TRT ve AA (Anadolu Ajansı) devlet kuruluşları olmaları nedeniyle, hükümetler bu iki kuruluşu istedikleri gibi kullanma, yönlendirme ve yönetme şansına sahiptir.

Habercilik konusunda, özel basın kuruluşları gibi sansasyonel haber yapma şansları olmadığı için, verecekleri her haber doğru olmak zorundadır.

Anadolu Ajansı ve TRT her ne kadar özerk kuruluşlar gibi gösterilse de, işin aslı öyle değildir; çünkü devletin kendi kurduğu bu kuruluşlar çoğu zaman hükümetlerin ‘’borazanı’’ olmak zorunda kalırlar.
Anımsıyorum da, bir zamanlar TRT’nin tarafsızlık ilkesine uymak yerine, hükümet yanlısı yayınlar, haber programları,
yapması nedeniyle Millet Partisi Genel Başkanı Osman Bölükbaşı, TRT’ye TIRT adını vermiş, bu yüzden de onun lakabı TIRT OSMAN kalmıştı.

AA’nın ve TRT’nin başına getirilenler iki yoldan birisini seçmek zorunda kalırlar.
Ya hükümetin tetikçisi olacaklardır, ya da gerçek bir gazeteci gibi davranacaklardır.Yani hükümetlere eyvallah etmeyeceklerdir.
Buna örnek olanak İsmail Cem İpekçi’yi gösterebiliriz.
İsmail Cem, Bülent Ecevit’in başbakanlığı döneminde TRT Genel Müdürlüğü’ne getirilmişti; ancak TRT’de yaptığı yenilikler nedeniyle muhalefetin tepkisini çekmiş, bu yüzden yönetime gelen 1. Milliyetçi Cephe hükümeti tarafından görevden alınmıştı.
İsmail Cem, açtığı davayı kazanmış, görevine geri dönmüş, daha sonra da istifa etme erdemini göstermişti.

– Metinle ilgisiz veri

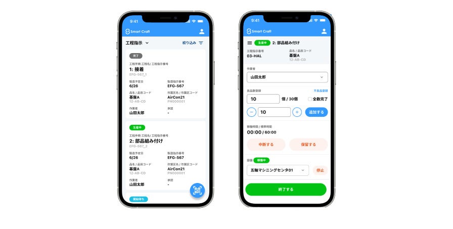 Smart Craftは、製造現場の生産指示、工程管理、実績収集、データ分析といった一連の業務プロセスをタブレットやスマートフォンなどのモバイル端末を活用しデジタル化できるクラウドサービスを開発・提供しています。これまで紙やExcel等で行ってきた製造現場のアナログ業務をデジタル化することで、現場状況をリアルタイムで見える化し、製造データを一元集約します。Smart Craftの提供を通じてDXを支援し、生産性向上を実現します。

Anadolu Ajansı Genel Müdürü Şenol Kazancı’nın da AA’nın başına nasıl getirildiğini bilmeyen yok.
Bilal Erdoğan’ın arkadaşı olduğu göz önüne alınırsa, ondan ve yönettiği AA’dan gazetecilik ilkelerini uygulamasını beklemek saflık olur.

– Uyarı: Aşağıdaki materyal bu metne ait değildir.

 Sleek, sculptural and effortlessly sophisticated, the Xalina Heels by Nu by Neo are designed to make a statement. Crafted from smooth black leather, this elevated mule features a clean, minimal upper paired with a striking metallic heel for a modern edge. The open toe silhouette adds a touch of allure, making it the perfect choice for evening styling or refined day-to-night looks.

Türk Basınının ‘’Amiral Gemisi’’ olan Hürriyet Gazetesi’nin kurucusu ve sahibi olan Sedat Simavi’nin oğlu Haldun Simavi, kardeşi Erol Simavi’den ayrılarak ‘’GÜNAYDIN’’ gazetesini kurmuştu.
Haldun Simavi’nin, eşiyle birlikte özel uçağıyla Roma’ya makarna yemeye gittiği bilinirdi.
Süleyman Demirel’in, başbakanlığı döneminde, özel uçaklarla ilgili söylemleri Haldun Simavi’yi kızdırmış olacak ki, hükümetin Gediz’de yaptığı deprem evleriyle ilgili bol fotoğraflı haberler Günaydın gazetesinde yayımlanınca Başbakan Süleyman Demirel geri adım atmak zorunda kalmıştı.

O yılların gazete patronlarının neredeyse hepsi gazeteciliğin ne olduğunu biliyorlardı.
Hürriyet Gazetesi’nin, Türk Basınının Amiral Gemisi olmasının nedeni kurucusu ve sahibi Sedat Simavi ile oğulları, Erol-Haldun Simavi de gazeteciydiler.
Milliyet’te Ali Naci Karacan, Cumhuriyet’ne, Yunus Nadi, Nadir Nadi,
Yeni Sabah’ta Safa Kılıçoğlu, Akşam’da Necmettin Sadak,

O yüzden AA Genel Müdürü Şenol Kazancı’ya yüklenmenin bir anlamı yok; çünkü o yolunu seçmiş, onu oraya getiren güce karşı durursa anında kapının önüne koyulur.
Doğal olarak Şenol Kazancı’da mührü kaptırmaktansa mesleği satmak daha iyidir diyebilir.